Exercise in exact copying: restate word for word only the lines below from the one containing "कार्यालय, मकवानपुर ." through the one containing "Попова заявила, что", omitting any pictures.

### Information
....

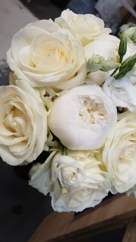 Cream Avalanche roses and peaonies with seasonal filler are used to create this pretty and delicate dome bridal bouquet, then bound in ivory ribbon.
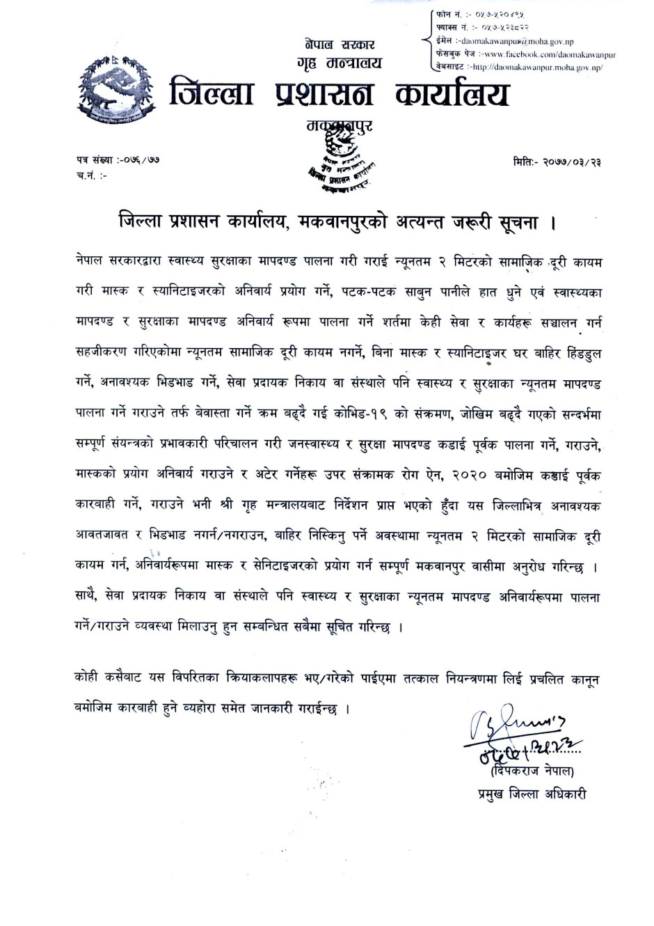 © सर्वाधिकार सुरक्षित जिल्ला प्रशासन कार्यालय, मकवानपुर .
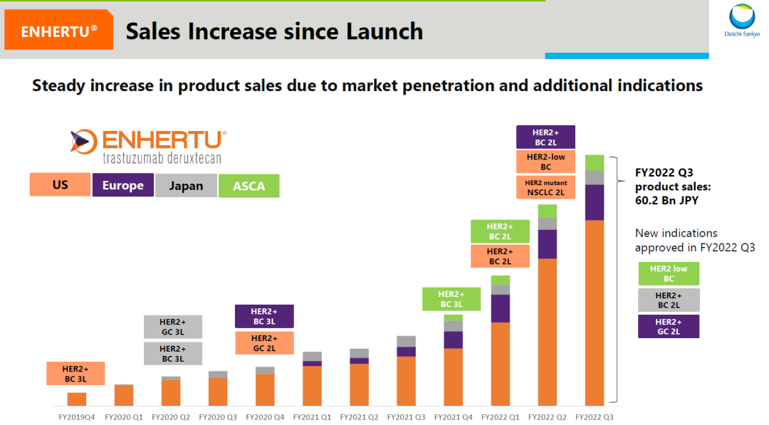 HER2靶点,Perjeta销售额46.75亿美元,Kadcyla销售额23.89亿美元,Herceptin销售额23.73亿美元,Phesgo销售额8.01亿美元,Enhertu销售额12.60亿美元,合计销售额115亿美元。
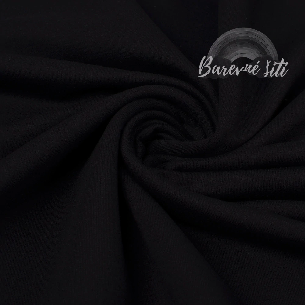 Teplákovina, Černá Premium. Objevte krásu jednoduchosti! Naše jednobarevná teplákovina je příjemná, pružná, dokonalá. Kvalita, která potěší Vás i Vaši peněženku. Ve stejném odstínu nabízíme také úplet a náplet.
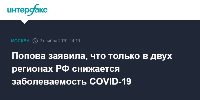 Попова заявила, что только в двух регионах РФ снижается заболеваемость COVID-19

....

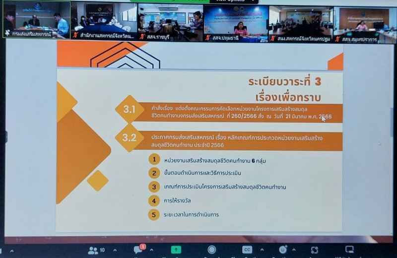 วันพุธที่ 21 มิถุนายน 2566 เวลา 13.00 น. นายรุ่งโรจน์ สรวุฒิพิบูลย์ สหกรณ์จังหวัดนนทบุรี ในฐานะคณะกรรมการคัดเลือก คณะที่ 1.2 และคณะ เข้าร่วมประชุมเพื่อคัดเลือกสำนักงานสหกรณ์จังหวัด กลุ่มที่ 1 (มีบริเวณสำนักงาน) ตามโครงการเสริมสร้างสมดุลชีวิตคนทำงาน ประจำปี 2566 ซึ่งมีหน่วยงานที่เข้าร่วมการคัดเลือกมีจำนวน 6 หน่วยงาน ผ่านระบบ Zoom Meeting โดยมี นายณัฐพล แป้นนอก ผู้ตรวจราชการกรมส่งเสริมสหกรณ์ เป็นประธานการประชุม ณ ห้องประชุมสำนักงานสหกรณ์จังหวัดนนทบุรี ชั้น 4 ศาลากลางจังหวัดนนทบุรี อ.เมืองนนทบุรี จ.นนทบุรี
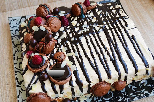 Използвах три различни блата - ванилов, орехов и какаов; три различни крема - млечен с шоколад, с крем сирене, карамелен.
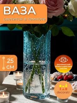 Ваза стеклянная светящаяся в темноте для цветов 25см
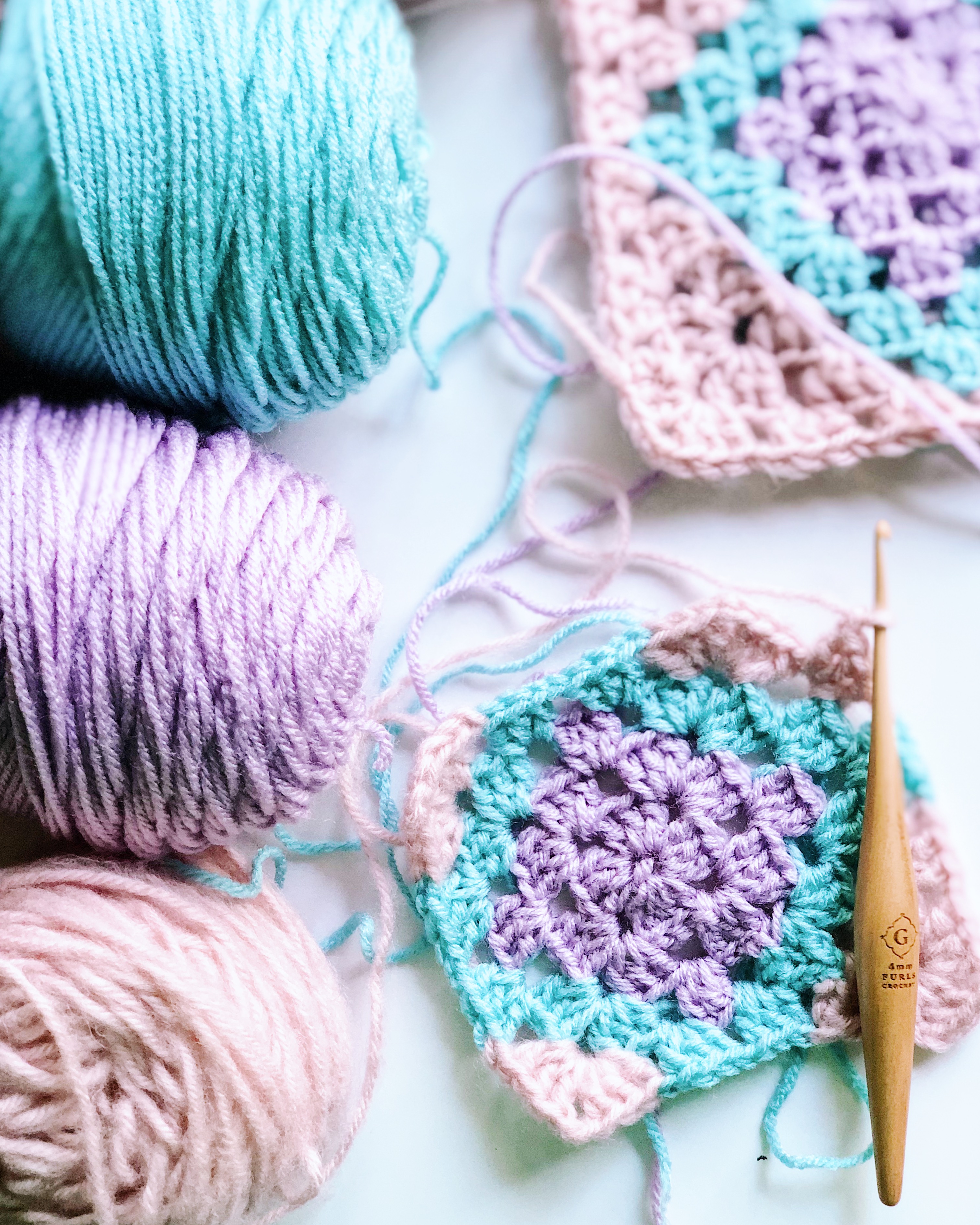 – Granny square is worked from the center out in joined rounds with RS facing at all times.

....

### Written response
 © सर्वाधिकार सुरक्षित जिल्ला प्रशासन कार्यालय, मकवानपुर .
 HER2靶点,Perjeta销售额46.75亿美元,Kadcyla销售额23.89亿美元,Herceptin销售额23.73亿美元,Phesgo销售额8.01亿美元,Enhertu销售额12.60亿美元,合计销售额115亿美元。
 Teplákovina, Černá Premium. Objevte krásu jednoduchosti! Naše jednobarevná teplákovina je příjemná, pružná, dokonalá. Kvalita, která potěší Vás i Vaši peněženku. Ve stejném odstínu nabízíme také úplet a náplet.
 Попова заявила, что только в двух регионах РФ снижается заболеваемость COVID-19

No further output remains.